El sistema de voces de la novela está al servicio de esa intención. Un narrador fundamental, Nakdimón (el Nicodemo del Evangelio de Juan 3, 1-21) –un doctor de la ley que procura discernir si Jesús es o no un falso profeta– sirve de puente para dar a conocer, en una serie de “fugas” en sentido musical, otras voces que van desde la fe más intensa hasta la descreencia lisa y llana, pasando por una visión “política” del fenómeno que origina Jesús. Cierto que la novela no duda en enfrentar al lector y a sus personajes con cuestiones espinosas: la inescrutable Voluntad del Padre, el concepto de culpa, la necesidad de la Redención, el por qué del sufrimiento, el papel de los intermediarios entre Dios y los hombres. No será difícil atisbar la sombra de Dostoievsky en lo que atañe al Padre y a la existencia del Bien y del Mal, pero hay presencias más explícitas que anulan los tiempos y refuerzan la idea de la universalidad de la revelación: el atribulado Jesús de la pasión se verá, en pesadillas, muerto como en el cuadro de Hans Holbein que lo muestra recién descendido de la Cruz, o contemplará la escena de El Proceso de Kafka en que Joseph K. escucha la parábola que se conoce como “Ante la Ley”. El relato kafkiano da pie a una reflexión que está en el núcleo ideológico de la novela y de su título: la sustitución de la Puerta de la Ley por la Puerta de la Misericordia, siempre abierta para los que saben escuchar el llamado.

Un escritor desmesurado

Como un sismógrafo, Tomás tuvo la cualidad de descubrir puntos neurálgicos y revulsivos de la vida social. Luego de la desmesura de La Puerta… se sumergió en otro proyecto que tocaba asuntos de prolongada vigencia: El hombre de marzo, esas mil doscientas páginas que convierten en “hombre de carne y hueso” a José Pedro Varela, una de las figuras de bronce del santuario uruguayo. Al reconstruir con inteligencia y minucia el contexto preciso de la actuación de Varela, Tomás buceaba en las contradicciones del momento en que se formula un proyecto de república basada en la democracia y la educación. La novela muestra los dilemas a los que se enfrentó Varela, y encarna a una serie de personajes que para muchos no eran más que nombres del nomenclátor urbano, para convertirlos en seres complejos y vivientes, enfrentados al torbellino de la historia.
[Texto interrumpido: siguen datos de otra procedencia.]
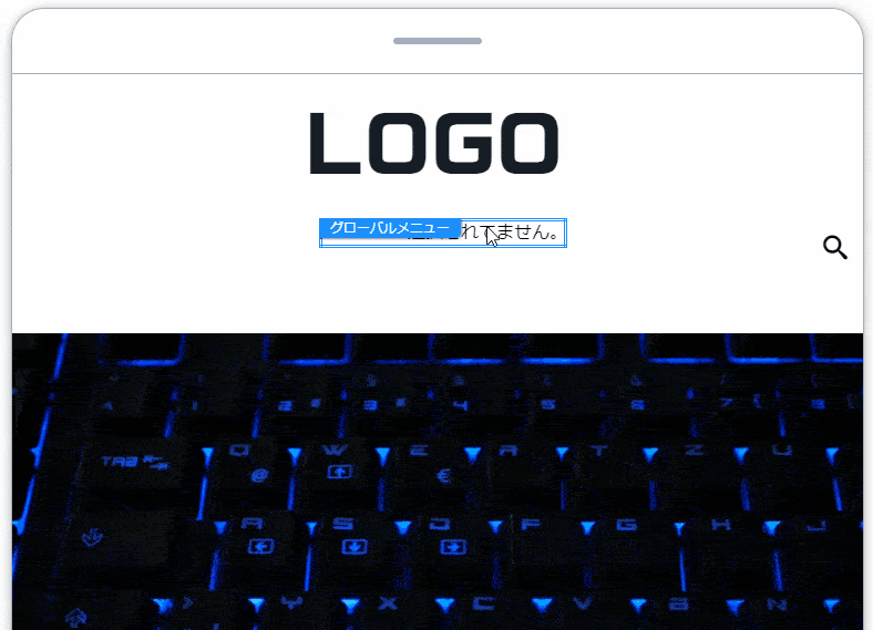 ただし、テンプレートなので、グローバルメニューやロゴなどが設定されてない状態ですので、どこを設定すればいいか説明します。
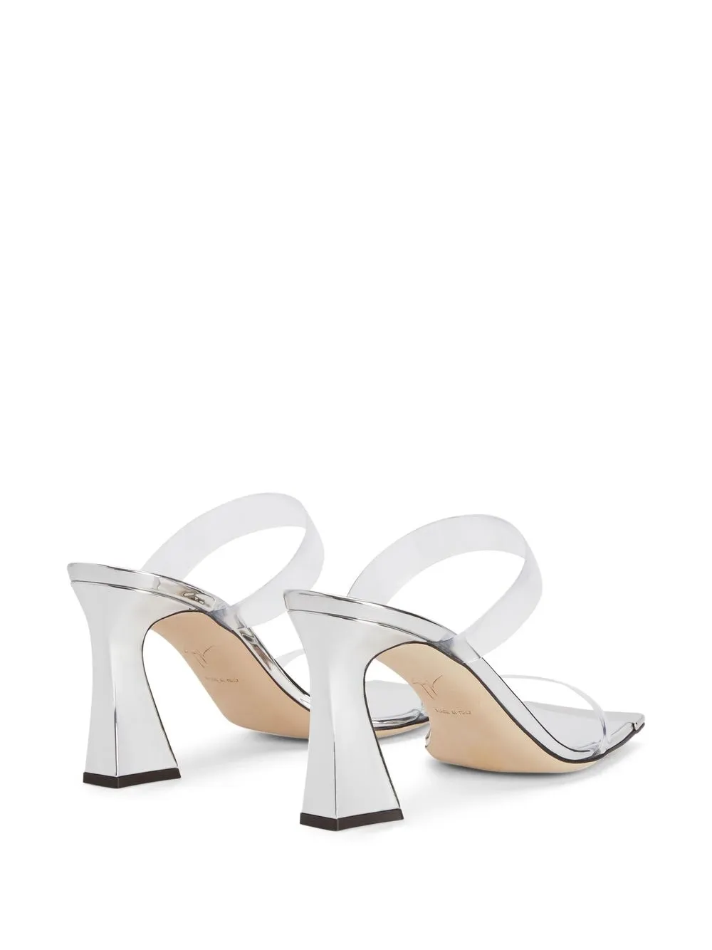 transparent block-heel mules from Giuseppe Zanotti featuring silver, leather lining, transparent design, branded insole, open toe, slip-on style, double-strap design and high block heel.
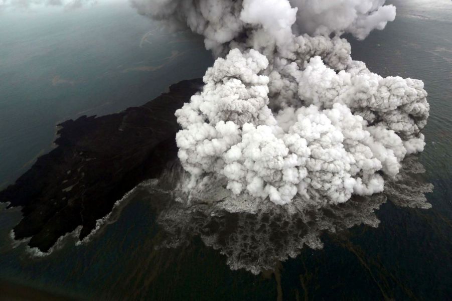 Le 23 décembre, des données satellitaires et des images d’hélicoptères ont confirmé que le secteur sud-ouest du volcan s’était effondré, ce qui avait déclenché le tsunami, et que la cheminée volcanique principal était en train de sortir sous l’eau, produisant une activité de type Surtseyan. (les volcans au contact de l’eau produisent de plus forte explosion)
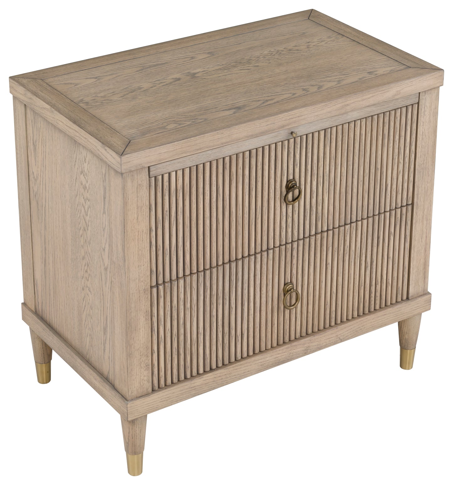 Regular price $1,179.00Featuring two spacious drawers and a hidden pull-out shelf, this nightstand combines modern function with classic fluted detailing and brass hardware. A timeless piece that adds warmth and texture to your bedside.

Tal vez para “ablandar la mano” o para recuperar lectores abrumados por las dimensiones de sus últimas novelas, publicó en 2015 Don Candinho o las doce orejas, la historia de una venganza ocurrida en la frontera con Brasil. Y llegó a terminar un libro de cuentos de próxima aparición.  Pero tenía otros proyectos: una novela sobre Flores y Berro, otra sobre Artigas, que ya no podremos leer.

En tiempos de literatura light, de juegos de ingenio, Tomás vivió su vocación literaria como una responsabilidad moral, en la convicción de que la literatura es un instrumento que ayuda a comprender el sentido del mundo. Sus libros, intemporales, porque están más allá de la moda, y a la vez actualísimos por la lúcida conciencia sobre los problemas de nuestro tiempo, van a sobrevivirlo y a sobrevivirnos, estoy segura. Seguirán interpelando a los lectores con sus preguntas y cumpliendo con la mejor tradición de la novela, según esa definición que hiciera Milan Kundera: “la razón de ser de la novela es la de mantener el mundo de la vida permanentemente iluminado y la de protegernos de olvido”.